▸ **Dataset extract**:
• • • •
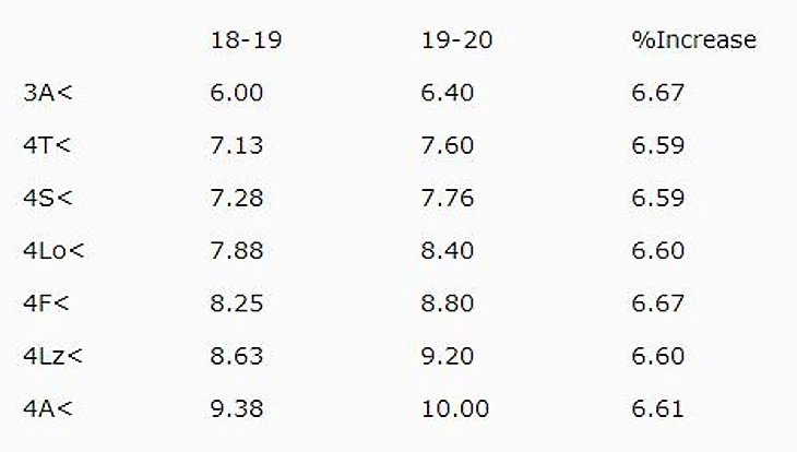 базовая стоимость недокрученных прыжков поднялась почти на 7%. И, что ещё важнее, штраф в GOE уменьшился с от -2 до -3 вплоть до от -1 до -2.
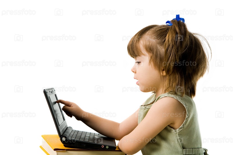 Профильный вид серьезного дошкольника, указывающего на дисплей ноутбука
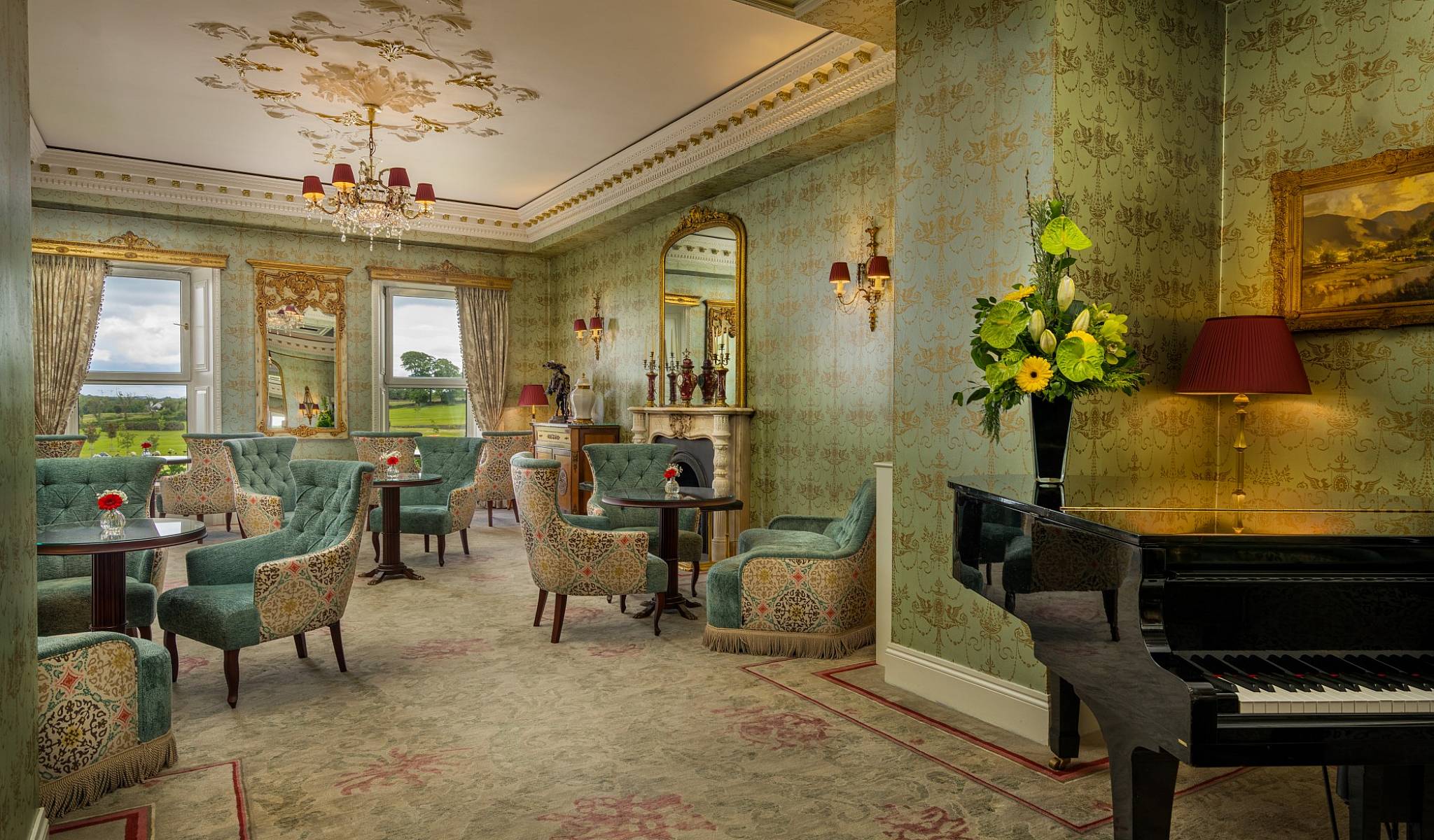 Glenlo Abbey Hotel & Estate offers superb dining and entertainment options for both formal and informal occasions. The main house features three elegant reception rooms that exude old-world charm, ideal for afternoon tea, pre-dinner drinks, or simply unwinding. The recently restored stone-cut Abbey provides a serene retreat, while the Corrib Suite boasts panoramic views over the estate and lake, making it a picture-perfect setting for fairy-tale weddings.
• • • •
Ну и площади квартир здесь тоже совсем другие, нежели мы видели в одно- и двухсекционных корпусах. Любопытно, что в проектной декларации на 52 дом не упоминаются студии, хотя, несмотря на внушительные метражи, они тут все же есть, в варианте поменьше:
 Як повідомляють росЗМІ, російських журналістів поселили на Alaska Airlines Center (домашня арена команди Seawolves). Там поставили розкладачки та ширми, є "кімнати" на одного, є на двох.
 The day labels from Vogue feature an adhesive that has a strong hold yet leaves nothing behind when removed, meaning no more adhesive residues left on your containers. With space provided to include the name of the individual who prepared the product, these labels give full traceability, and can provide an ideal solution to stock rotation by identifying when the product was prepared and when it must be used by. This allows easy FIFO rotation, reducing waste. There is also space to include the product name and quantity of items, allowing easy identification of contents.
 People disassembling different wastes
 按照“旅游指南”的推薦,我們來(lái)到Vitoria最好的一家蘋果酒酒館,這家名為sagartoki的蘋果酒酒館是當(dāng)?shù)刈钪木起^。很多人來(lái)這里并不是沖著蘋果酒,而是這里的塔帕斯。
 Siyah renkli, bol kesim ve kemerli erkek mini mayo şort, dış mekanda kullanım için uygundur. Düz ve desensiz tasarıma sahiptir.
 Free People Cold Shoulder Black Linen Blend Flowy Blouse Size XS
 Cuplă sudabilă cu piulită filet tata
• • • •
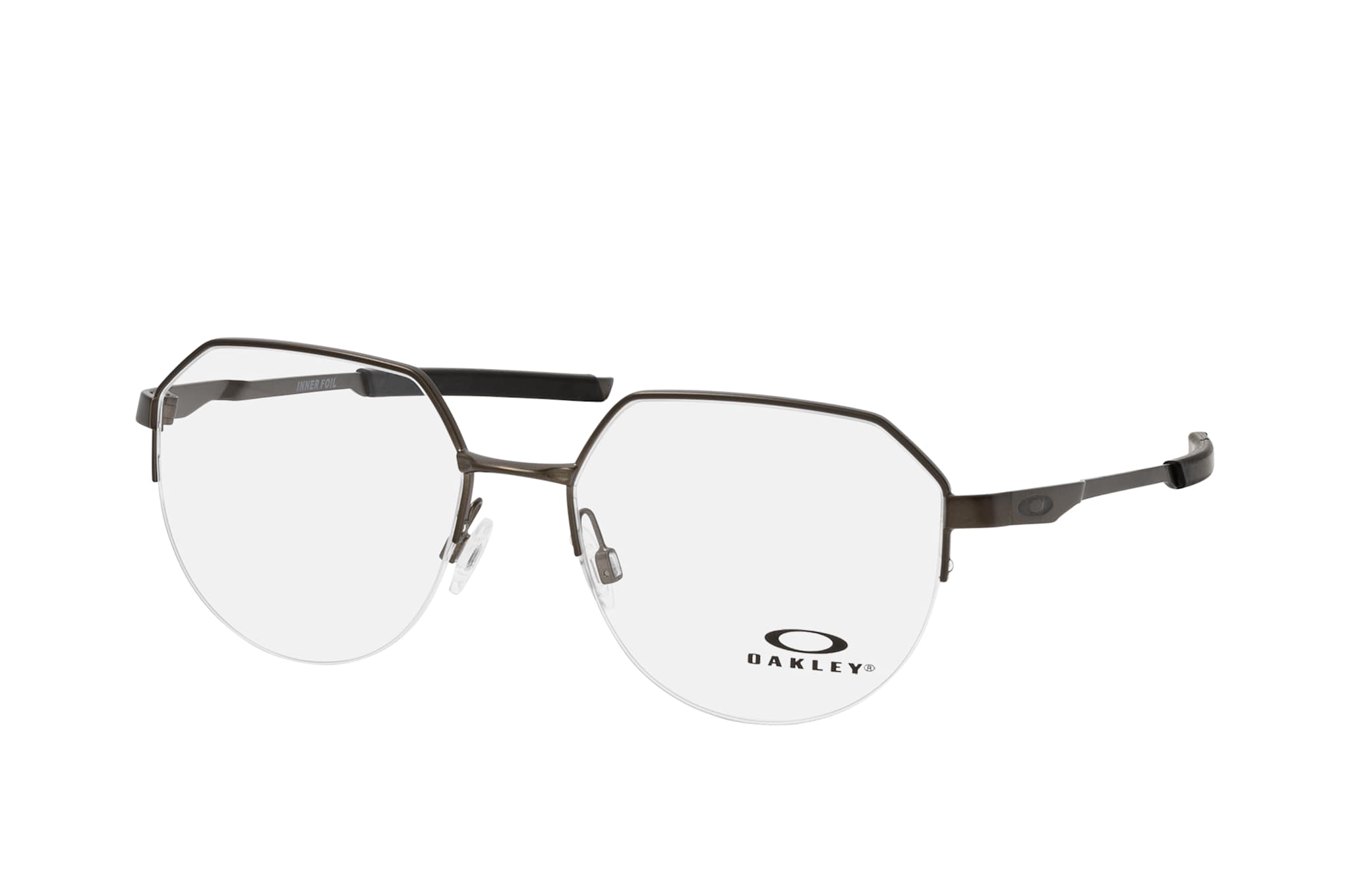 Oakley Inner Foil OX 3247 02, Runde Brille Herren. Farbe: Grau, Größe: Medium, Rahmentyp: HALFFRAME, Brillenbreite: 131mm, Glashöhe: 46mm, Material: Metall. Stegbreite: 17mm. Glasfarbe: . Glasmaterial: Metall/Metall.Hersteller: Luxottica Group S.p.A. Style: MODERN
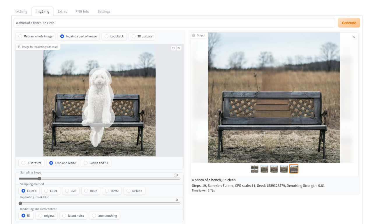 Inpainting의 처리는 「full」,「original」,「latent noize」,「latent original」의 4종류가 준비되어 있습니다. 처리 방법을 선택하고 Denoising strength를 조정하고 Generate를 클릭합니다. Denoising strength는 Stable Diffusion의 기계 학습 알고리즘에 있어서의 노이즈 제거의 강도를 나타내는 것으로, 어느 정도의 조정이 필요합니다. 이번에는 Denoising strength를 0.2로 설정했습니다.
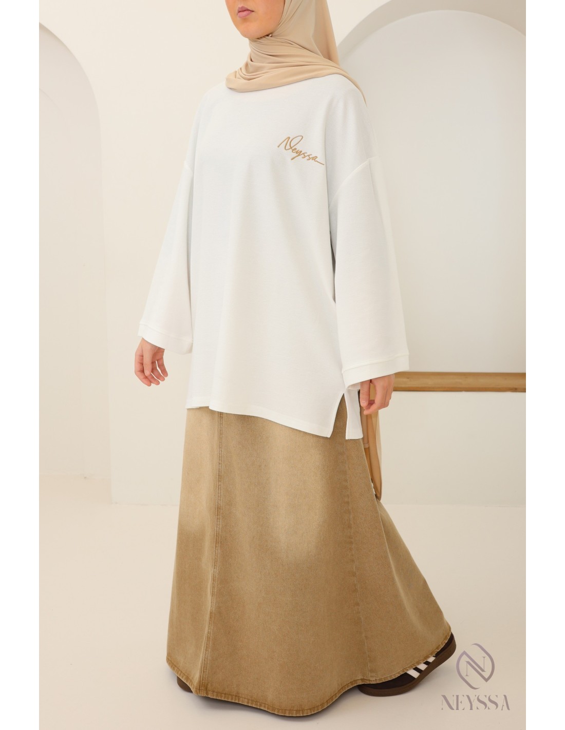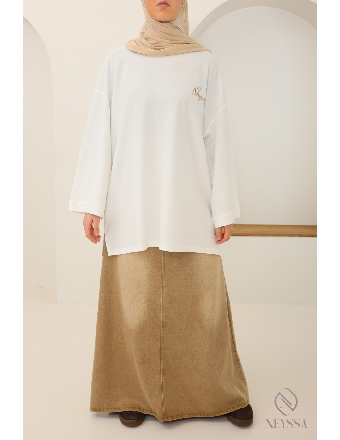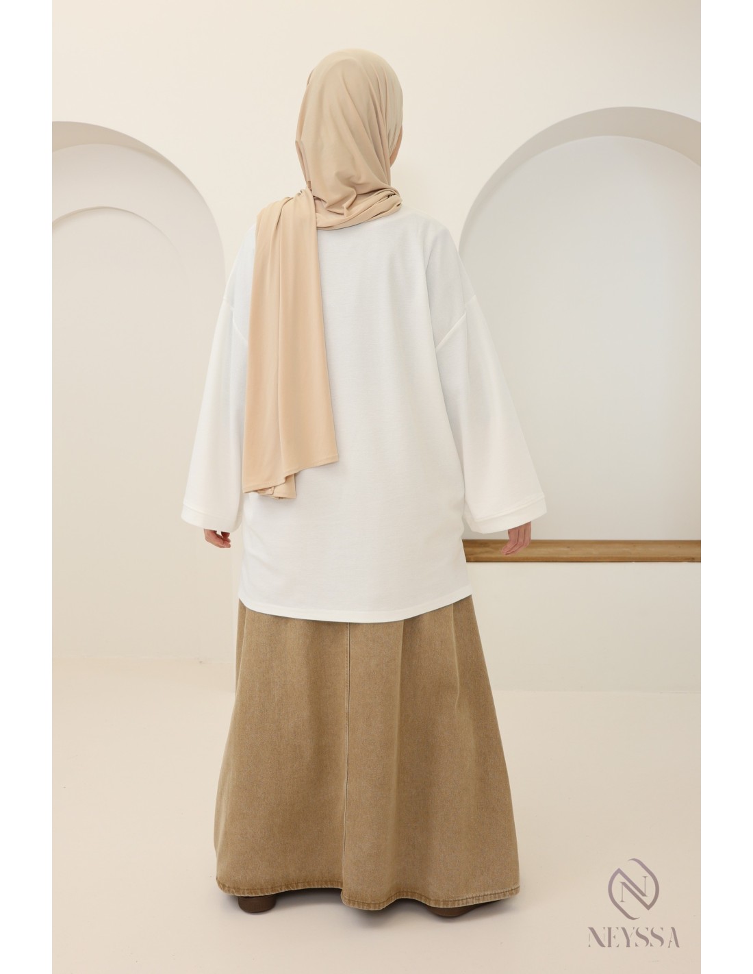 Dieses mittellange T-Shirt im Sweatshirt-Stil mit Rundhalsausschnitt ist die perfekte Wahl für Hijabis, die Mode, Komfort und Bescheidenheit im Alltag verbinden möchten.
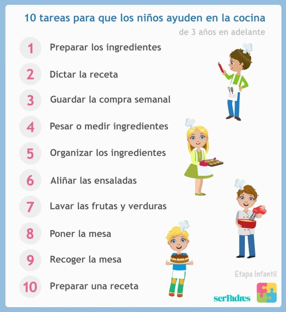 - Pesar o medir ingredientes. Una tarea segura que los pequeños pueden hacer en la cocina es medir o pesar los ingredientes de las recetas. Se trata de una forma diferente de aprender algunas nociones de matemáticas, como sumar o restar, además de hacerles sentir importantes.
• • • •
▸ **Work item**: From the data above, return only the lines starting at the line that holds "базовая стоимость недокрученных" and ending at the line that holds "Glenlo Abbey Hotel", word for word and without pictures.

▸ **Your response**:
 базовая стоимость недокрученных прыжков поднялась почти на 7%. И, что ещё важнее, штраф в GOE уменьшился с от -2 до -3 вплоть до от -1 до -2.
 Профильный вид серьезного дошкольника, указывающего на дисплей ноутбука
 Glenlo Abbey Hotel & Estate offers superb dining and entertainment options for both formal and informal occasions. The main house features three elegant reception rooms that exude old-world charm, ideal for afternoon tea, pre-dinner drinks, or simply unwinding. The recently restored stone-cut Abbey provides a serene retreat, while the Corrib Suite boasts panoramic views over the estate and lake, making it a picture-perfect setting for fairy-tale weddings.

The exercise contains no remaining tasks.